TASK GOAL: Quote exactly the lines spanning from the top of the data below to the line that contains "Данная модель собиралась", including both.

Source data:
# # #
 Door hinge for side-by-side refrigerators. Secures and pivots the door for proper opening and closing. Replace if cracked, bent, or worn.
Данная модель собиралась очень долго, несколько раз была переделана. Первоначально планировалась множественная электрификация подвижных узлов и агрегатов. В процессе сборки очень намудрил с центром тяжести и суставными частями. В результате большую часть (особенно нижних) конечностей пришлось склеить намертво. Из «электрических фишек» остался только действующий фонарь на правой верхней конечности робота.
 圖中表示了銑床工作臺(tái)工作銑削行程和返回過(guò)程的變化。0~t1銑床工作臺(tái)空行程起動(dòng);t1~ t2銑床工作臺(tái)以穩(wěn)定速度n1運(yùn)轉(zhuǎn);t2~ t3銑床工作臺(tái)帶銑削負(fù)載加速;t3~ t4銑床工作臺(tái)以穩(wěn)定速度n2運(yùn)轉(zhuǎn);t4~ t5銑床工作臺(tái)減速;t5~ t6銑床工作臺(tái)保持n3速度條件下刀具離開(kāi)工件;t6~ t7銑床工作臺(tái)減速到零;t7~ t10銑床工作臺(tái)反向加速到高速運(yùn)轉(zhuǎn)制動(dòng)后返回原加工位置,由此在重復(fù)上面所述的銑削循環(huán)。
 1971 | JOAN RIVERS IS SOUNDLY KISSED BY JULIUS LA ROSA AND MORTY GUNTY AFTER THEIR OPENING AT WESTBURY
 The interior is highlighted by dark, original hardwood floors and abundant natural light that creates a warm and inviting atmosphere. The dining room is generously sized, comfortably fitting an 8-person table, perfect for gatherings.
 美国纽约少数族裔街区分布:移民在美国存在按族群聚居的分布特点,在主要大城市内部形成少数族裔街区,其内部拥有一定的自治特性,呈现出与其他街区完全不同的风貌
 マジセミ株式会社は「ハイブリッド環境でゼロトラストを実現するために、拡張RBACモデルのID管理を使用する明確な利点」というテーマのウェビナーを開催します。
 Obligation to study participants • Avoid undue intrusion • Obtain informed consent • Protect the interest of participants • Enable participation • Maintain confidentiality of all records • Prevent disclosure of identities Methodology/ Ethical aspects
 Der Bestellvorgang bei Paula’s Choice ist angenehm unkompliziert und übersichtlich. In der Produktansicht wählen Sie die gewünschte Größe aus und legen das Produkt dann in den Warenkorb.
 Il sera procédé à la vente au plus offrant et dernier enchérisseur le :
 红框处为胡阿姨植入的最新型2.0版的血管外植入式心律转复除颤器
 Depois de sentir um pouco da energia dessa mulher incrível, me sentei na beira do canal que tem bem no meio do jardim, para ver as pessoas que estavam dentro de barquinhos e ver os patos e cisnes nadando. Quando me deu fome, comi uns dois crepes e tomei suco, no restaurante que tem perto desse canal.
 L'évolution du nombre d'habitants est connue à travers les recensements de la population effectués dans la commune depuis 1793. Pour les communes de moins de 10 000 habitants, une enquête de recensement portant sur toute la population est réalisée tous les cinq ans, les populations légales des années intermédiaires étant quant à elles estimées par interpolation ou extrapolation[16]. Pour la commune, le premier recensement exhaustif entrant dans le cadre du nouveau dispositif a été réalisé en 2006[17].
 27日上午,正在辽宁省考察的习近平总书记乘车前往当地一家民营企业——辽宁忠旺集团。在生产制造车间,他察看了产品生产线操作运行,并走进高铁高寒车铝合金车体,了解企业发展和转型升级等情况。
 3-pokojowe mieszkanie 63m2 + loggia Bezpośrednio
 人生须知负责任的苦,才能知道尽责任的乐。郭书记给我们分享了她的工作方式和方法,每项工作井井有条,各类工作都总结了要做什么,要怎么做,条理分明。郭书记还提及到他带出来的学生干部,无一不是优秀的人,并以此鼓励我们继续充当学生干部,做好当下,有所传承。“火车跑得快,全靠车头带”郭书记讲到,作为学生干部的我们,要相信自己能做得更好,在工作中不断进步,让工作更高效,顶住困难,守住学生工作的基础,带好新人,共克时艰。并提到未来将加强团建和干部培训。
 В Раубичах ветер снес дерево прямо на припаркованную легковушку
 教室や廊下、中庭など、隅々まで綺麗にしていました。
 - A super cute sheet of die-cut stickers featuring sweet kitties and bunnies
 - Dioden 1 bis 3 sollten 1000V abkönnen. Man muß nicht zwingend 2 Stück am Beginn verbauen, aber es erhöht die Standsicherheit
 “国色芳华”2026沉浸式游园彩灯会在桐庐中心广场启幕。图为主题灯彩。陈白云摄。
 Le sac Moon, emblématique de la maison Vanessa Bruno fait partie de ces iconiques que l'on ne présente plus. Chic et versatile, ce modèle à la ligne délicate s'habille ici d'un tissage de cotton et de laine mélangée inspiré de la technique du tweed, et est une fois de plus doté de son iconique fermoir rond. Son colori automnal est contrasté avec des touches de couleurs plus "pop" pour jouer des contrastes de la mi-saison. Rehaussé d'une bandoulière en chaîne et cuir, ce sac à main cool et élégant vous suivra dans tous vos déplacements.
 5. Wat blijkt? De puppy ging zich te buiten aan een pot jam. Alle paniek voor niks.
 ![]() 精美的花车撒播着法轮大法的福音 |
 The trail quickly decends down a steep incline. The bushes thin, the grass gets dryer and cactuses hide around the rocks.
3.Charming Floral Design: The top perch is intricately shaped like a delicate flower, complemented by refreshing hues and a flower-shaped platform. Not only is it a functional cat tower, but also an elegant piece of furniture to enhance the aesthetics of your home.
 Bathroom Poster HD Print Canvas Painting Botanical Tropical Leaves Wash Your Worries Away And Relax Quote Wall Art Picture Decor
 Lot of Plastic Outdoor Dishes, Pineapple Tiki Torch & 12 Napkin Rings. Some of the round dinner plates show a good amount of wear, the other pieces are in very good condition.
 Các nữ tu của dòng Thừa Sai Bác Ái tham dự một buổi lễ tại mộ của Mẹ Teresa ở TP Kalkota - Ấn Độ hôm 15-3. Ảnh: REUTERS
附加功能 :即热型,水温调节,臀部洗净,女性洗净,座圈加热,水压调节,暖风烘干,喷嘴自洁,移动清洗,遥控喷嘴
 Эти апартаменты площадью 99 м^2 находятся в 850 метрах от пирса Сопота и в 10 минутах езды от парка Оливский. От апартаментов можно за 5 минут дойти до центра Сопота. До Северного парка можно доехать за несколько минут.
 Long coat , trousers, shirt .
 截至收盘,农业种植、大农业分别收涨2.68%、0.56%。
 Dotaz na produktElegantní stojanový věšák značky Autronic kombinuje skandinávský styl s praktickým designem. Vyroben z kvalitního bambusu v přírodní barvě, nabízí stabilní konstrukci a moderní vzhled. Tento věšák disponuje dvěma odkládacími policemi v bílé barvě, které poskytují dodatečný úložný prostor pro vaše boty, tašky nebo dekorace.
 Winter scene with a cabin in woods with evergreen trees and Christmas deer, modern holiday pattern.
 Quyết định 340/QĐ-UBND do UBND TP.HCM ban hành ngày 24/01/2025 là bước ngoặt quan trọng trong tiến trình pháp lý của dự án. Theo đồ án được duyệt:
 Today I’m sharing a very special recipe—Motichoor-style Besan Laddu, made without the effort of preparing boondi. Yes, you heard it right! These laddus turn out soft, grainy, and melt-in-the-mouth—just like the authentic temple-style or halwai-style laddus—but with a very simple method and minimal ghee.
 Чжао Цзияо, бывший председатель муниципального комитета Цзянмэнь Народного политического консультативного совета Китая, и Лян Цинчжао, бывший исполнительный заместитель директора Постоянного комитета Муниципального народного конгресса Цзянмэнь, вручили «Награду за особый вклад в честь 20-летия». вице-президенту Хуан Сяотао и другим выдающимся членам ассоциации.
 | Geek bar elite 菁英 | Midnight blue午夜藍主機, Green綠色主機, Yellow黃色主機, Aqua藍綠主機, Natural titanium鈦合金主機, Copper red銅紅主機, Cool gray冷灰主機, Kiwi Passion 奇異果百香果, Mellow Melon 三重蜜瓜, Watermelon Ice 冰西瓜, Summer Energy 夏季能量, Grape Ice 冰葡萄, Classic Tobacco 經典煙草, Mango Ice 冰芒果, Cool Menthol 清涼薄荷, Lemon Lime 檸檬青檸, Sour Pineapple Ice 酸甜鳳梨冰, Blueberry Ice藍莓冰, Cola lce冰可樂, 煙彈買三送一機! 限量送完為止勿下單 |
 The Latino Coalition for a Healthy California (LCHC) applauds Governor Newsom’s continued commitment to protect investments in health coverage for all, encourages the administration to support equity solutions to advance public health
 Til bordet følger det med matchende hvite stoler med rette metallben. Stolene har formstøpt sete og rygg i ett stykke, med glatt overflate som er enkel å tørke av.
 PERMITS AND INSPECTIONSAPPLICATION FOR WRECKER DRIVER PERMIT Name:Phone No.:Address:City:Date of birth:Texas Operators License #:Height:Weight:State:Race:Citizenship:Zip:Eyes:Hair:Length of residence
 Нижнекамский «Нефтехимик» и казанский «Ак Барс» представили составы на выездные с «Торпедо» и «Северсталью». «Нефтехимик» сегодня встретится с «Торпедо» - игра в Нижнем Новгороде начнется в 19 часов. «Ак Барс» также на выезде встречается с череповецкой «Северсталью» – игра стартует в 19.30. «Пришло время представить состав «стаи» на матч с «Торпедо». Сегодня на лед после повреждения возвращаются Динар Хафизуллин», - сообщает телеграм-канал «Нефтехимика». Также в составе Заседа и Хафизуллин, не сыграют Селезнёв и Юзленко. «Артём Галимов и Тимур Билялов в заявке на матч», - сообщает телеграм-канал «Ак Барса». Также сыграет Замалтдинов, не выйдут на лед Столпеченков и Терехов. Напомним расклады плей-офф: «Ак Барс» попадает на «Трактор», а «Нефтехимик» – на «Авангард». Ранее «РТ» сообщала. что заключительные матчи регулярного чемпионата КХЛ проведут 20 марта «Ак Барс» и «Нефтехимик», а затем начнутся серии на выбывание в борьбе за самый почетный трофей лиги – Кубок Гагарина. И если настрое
# # #
SOLVED PROBLEM:
 Door hinge for side-by-side refrigerators. Secures and pivots the door for proper opening and closing. Replace if cracked, bent, or worn.
Данная модель собиралась очень долго, несколько раз была переделана. Первоначально планировалась множественная электрификация подвижных узлов и агрегатов. В процессе сборки очень намудрил с центром тяжести и суставными частями. В результате большую часть (особенно нижних) конечностей пришлось склеить намертво. Из «электрических фишек» остался только действующий фонарь на правой верхней конечности робота.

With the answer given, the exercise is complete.